- **Data**:
***

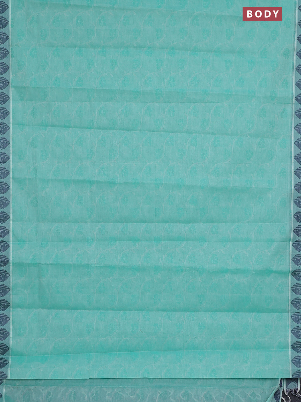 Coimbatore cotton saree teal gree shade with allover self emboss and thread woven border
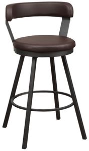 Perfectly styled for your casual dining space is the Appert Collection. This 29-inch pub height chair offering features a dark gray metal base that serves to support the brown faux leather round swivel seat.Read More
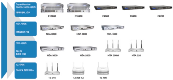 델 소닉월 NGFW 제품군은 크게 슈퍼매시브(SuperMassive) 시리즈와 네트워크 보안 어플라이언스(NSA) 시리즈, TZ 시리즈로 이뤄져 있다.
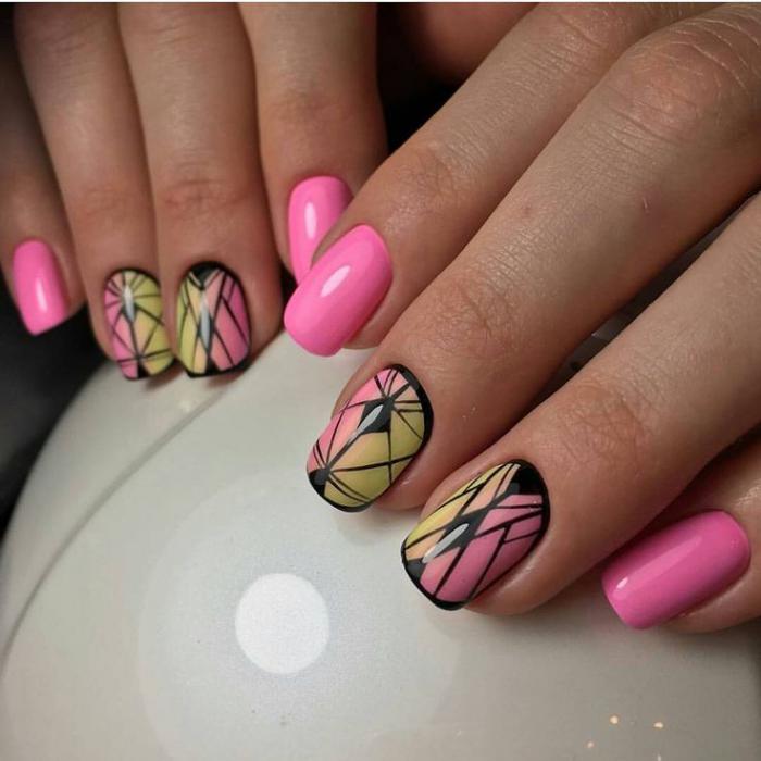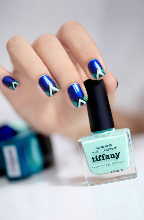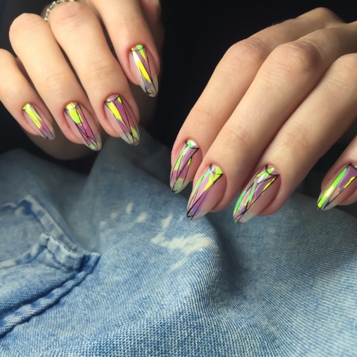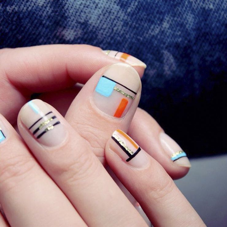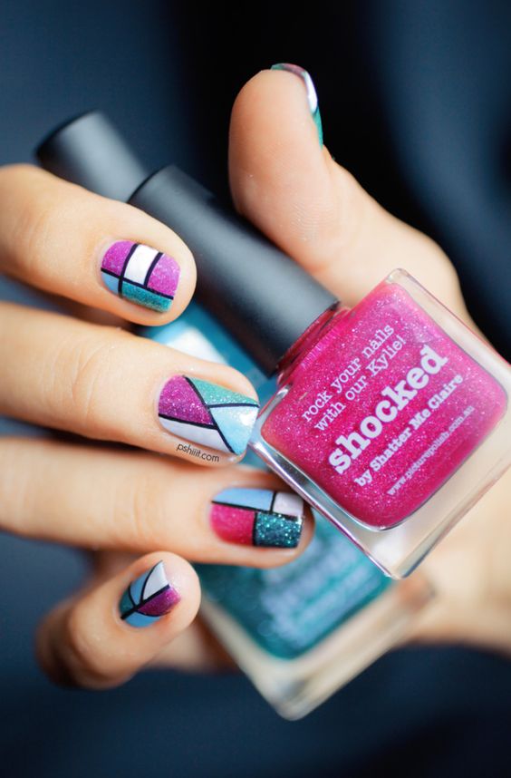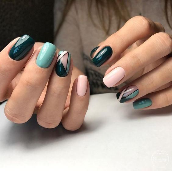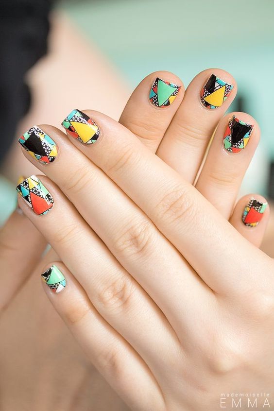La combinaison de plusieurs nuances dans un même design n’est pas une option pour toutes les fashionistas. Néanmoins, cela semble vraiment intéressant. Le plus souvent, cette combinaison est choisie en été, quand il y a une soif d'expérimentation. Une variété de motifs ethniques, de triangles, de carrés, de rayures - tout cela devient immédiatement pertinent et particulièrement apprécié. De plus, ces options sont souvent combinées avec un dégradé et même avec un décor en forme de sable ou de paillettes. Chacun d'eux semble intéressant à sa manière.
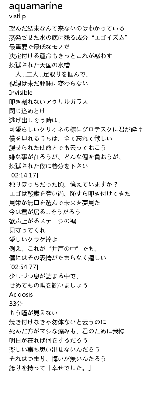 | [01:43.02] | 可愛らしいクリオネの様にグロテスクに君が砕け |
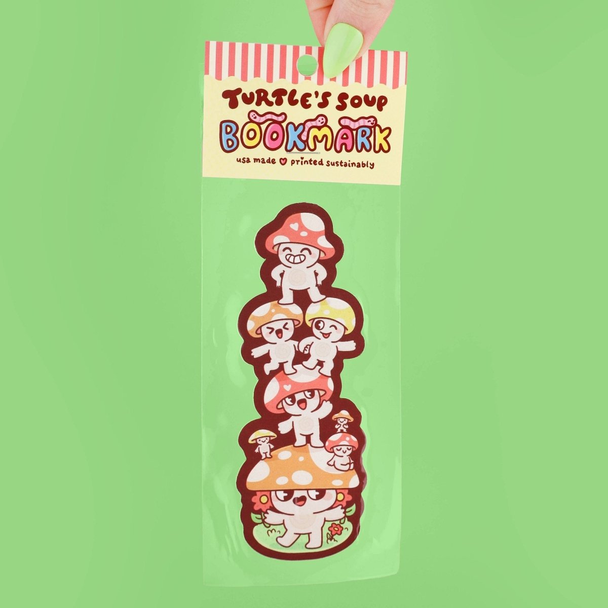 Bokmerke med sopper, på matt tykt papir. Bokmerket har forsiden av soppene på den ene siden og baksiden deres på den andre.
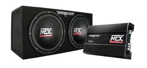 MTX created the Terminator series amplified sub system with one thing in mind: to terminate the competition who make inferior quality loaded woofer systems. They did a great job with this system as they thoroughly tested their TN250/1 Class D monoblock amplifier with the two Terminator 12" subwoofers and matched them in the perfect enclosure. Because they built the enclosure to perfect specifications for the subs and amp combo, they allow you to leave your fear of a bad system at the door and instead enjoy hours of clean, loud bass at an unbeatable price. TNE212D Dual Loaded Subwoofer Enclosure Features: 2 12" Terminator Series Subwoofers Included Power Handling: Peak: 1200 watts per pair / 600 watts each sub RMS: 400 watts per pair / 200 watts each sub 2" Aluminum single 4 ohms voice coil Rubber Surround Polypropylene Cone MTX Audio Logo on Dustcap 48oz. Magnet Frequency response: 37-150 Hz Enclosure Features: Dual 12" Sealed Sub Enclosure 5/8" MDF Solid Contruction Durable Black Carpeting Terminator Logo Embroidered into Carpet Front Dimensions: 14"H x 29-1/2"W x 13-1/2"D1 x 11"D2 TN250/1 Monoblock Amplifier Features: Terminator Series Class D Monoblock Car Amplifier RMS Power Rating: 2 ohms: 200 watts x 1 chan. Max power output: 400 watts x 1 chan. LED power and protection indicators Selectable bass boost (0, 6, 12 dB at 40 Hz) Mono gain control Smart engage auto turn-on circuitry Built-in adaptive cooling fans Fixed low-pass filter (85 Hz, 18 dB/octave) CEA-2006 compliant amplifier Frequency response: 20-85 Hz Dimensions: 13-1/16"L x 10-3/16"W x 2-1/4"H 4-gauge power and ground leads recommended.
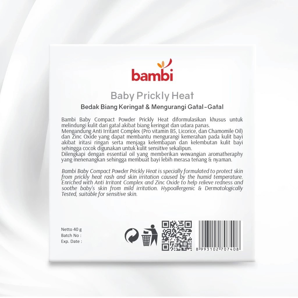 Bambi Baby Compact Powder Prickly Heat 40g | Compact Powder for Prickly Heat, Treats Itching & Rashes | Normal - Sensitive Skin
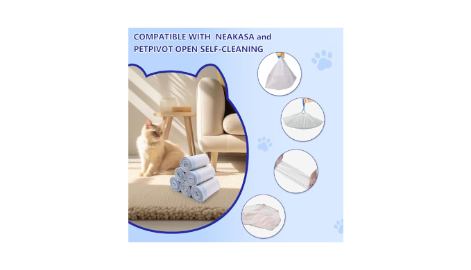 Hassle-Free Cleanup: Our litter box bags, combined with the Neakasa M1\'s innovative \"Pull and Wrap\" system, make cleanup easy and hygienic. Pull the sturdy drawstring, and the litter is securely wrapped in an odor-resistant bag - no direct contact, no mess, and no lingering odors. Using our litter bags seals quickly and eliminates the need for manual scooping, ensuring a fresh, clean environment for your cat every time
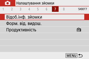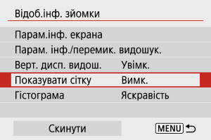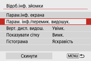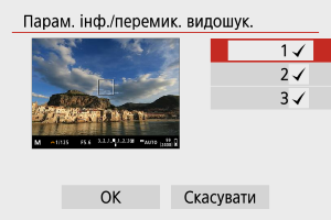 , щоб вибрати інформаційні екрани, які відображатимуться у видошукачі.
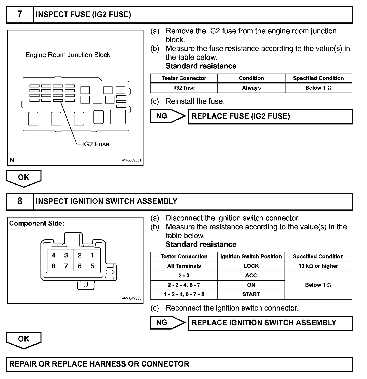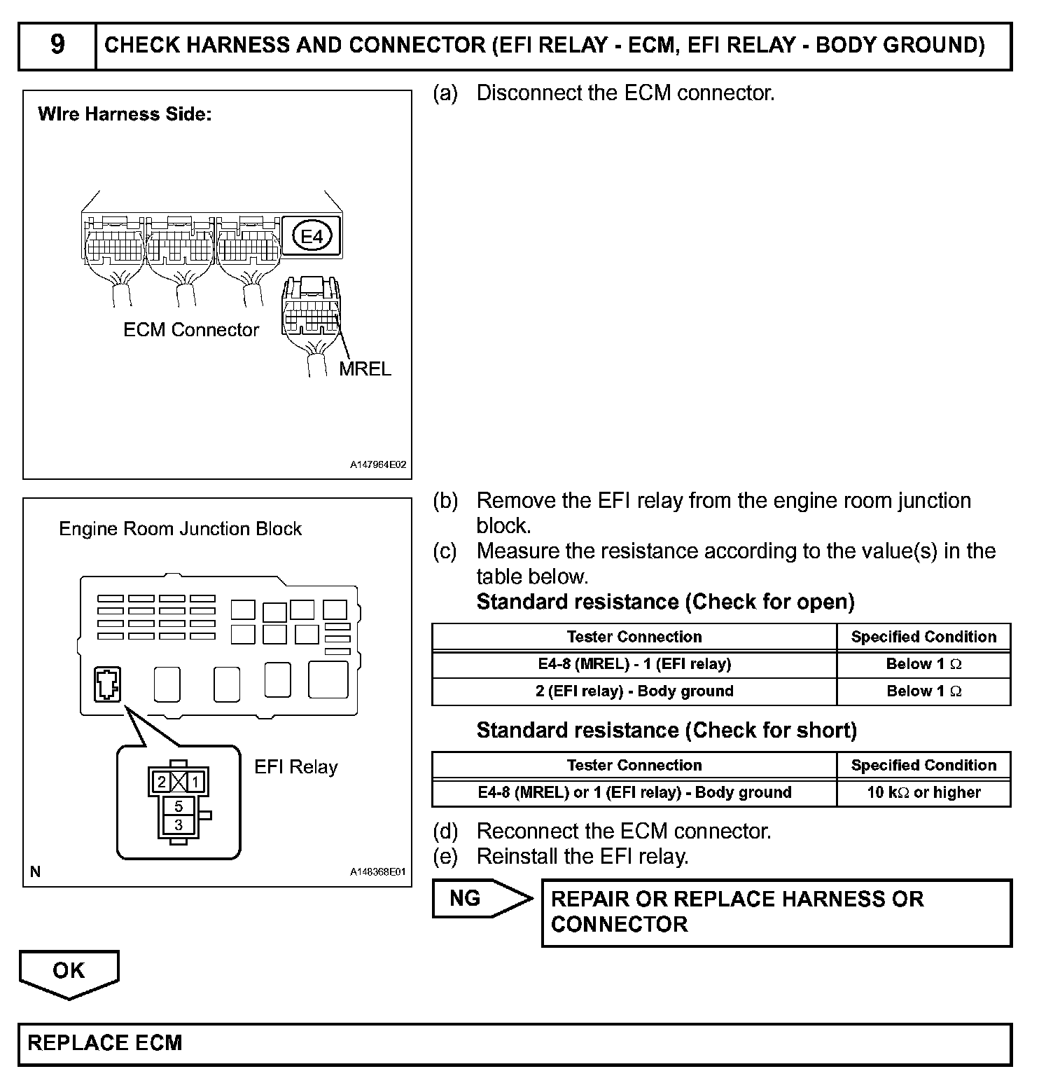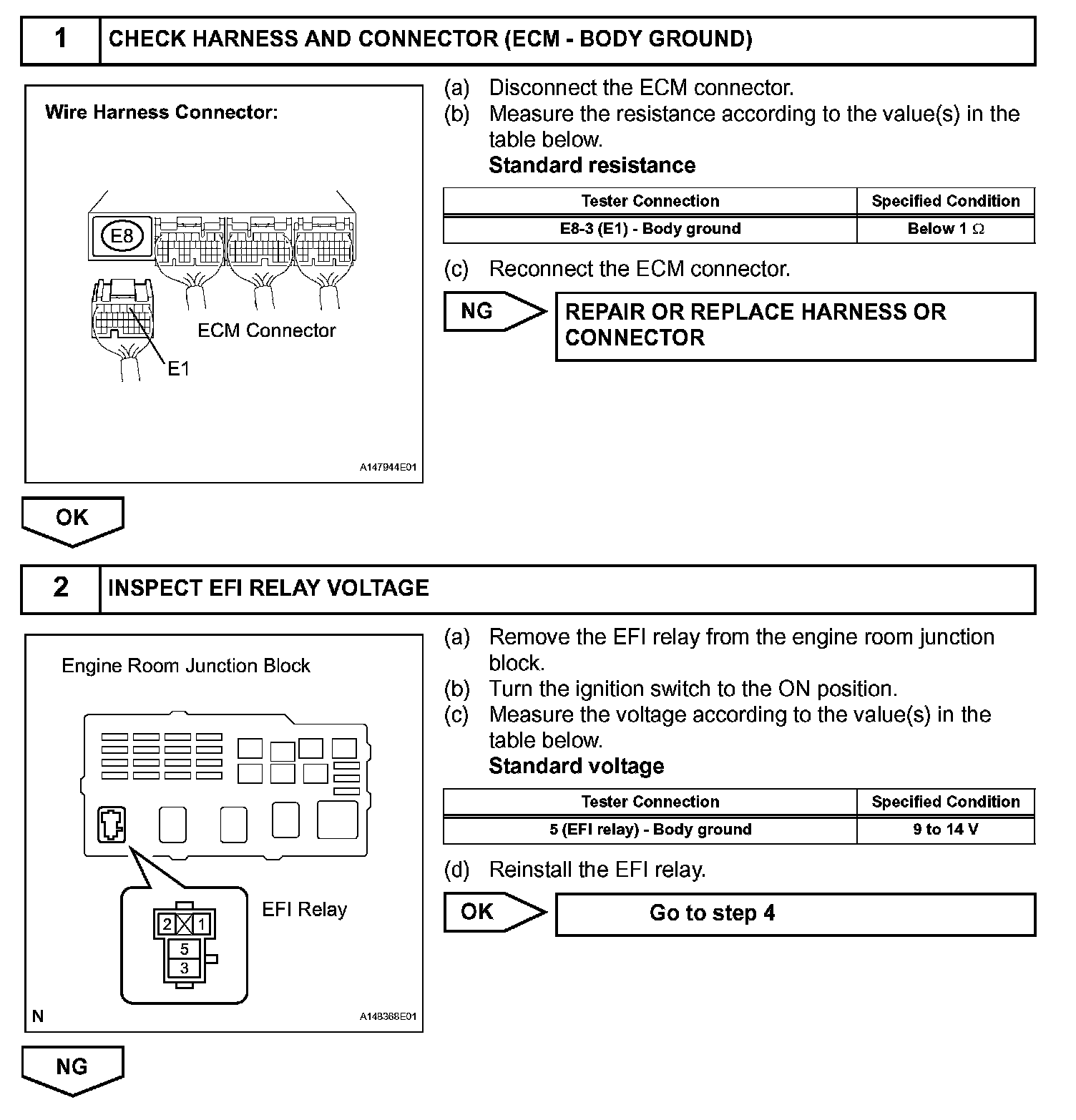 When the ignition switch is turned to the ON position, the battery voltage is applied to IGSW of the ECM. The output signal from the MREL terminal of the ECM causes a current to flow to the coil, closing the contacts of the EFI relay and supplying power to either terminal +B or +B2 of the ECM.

***

- **Work to be completed**: Leaving aside the images, write out every entry above exactly.

- **Response to the exercise**:
 Coimbatore cotton saree teal gree shade with allover self emboss and thread woven border
 Perfectly styled for your casual dining space is the Appert Collection. This 29-inch pub height chair offering features a dark gray metal base that serves to support the brown faux leather round swivel seat.Read More
 델 소닉월 NGFW 제품군은 크게 슈퍼매시브(SuperMassive) 시리즈와 네트워크 보안 어플라이언스(NSA) 시리즈, TZ 시리즈로 이뤄져 있다.
La combinaison de plusieurs nuances dans un même design n’est pas une option pour toutes les fashionistas. Néanmoins, cela semble vraiment intéressant. Le plus souvent, cette combinaison est choisie en été, quand il y a une soif d'expérimentation. Une variété de motifs ethniques, de triangles, de carrés, de rayures - tout cela devient immédiatement pertinent et particulièrement apprécié. De plus, ces options sont souvent combinées avec un dégradé et même avec un décor en forme de sable ou de paillettes. Chacun d'eux semble intéressant à sa manière.
 | [01:43.02] | 可愛らしいクリオネの様にグロテスクに君が砕け |
 Bokmerke med sopper, på matt tykt papir. Bokmerket har forsiden av soppene på den ene siden og baksiden deres på den andre.
 MTX created the Terminator series amplified sub system with one thing in mind: to terminate the competition who make inferior quality loaded woofer systems. They did a great job with this system as they thoroughly tested their TN250/1 Class D monoblock amplifier with the two Terminator 12" subwoofers and matched them in the perfect enclosure. Because they built the enclosure to perfect specifications for the subs and amp combo, they allow you to leave your fear of a bad system at the door and instead enjoy hours of clean, loud bass at an unbeatable price. TNE212D Dual Loaded Subwoofer Enclosure Features: 2 12" Terminator Series Subwoofers Included Power Handling: Peak: 1200 watts per pair / 600 watts each sub RMS: 400 watts per pair / 200 watts each sub 2" Aluminum single 4 ohms voice coil Rubber Surround Polypropylene Cone MTX Audio Logo on Dustcap 48oz. Magnet Frequency response: 37-150 Hz Enclosure Features: Dual 12" Sealed Sub Enclosure 5/8" MDF Solid Contruction Durable Black Carpeting Terminator Logo Embroidered into Carpet Front Dimensions: 14"H x 29-1/2"W x 13-1/2"D1 x 11"D2 TN250/1 Monoblock Amplifier Features: Terminator Series Class D Monoblock Car Amplifier RMS Power Rating: 2 ohms: 200 watts x 1 chan. Max power output: 400 watts x 1 chan. LED power and protection indicators Selectable bass boost (0, 6, 12 dB at 40 Hz) Mono gain control Smart engage auto turn-on circuitry Built-in adaptive cooling fans Fixed low-pass filter (85 Hz, 18 dB/octave) CEA-2006 compliant amplifier Frequency response: 20-85 Hz Dimensions: 13-1/16"L x 10-3/16"W x 2-1/4"H 4-gauge power and ground leads recommended.
 Bambi Baby Compact Powder Prickly Heat 40g | Compact Powder for Prickly Heat, Treats Itching & Rashes | Normal - Sensitive Skin
 Hassle-Free Cleanup: Our litter box bags, combined with the Neakasa M1\'s innovative \"Pull and Wrap\" system, make cleanup easy and hygienic. Pull the sturdy drawstring, and the litter is securely wrapped in an odor-resistant bag - no direct contact, no mess, and no lingering odors. Using our litter bags seals quickly and eliminates the need for manual scooping, ensuring a fresh, clean environment for your cat every time
 , щоб вибрати інформаційні екрани, які відображатимуться у видошукачі.
 When the ignition switch is turned to the ON position, the battery voltage is applied to IGSW of the ECM. The output signal from the MREL terminal of the ECM causes a current to flow to the coil, closing the contacts of the EFI relay and supplying power to either terminal +B or +B2 of the ECM.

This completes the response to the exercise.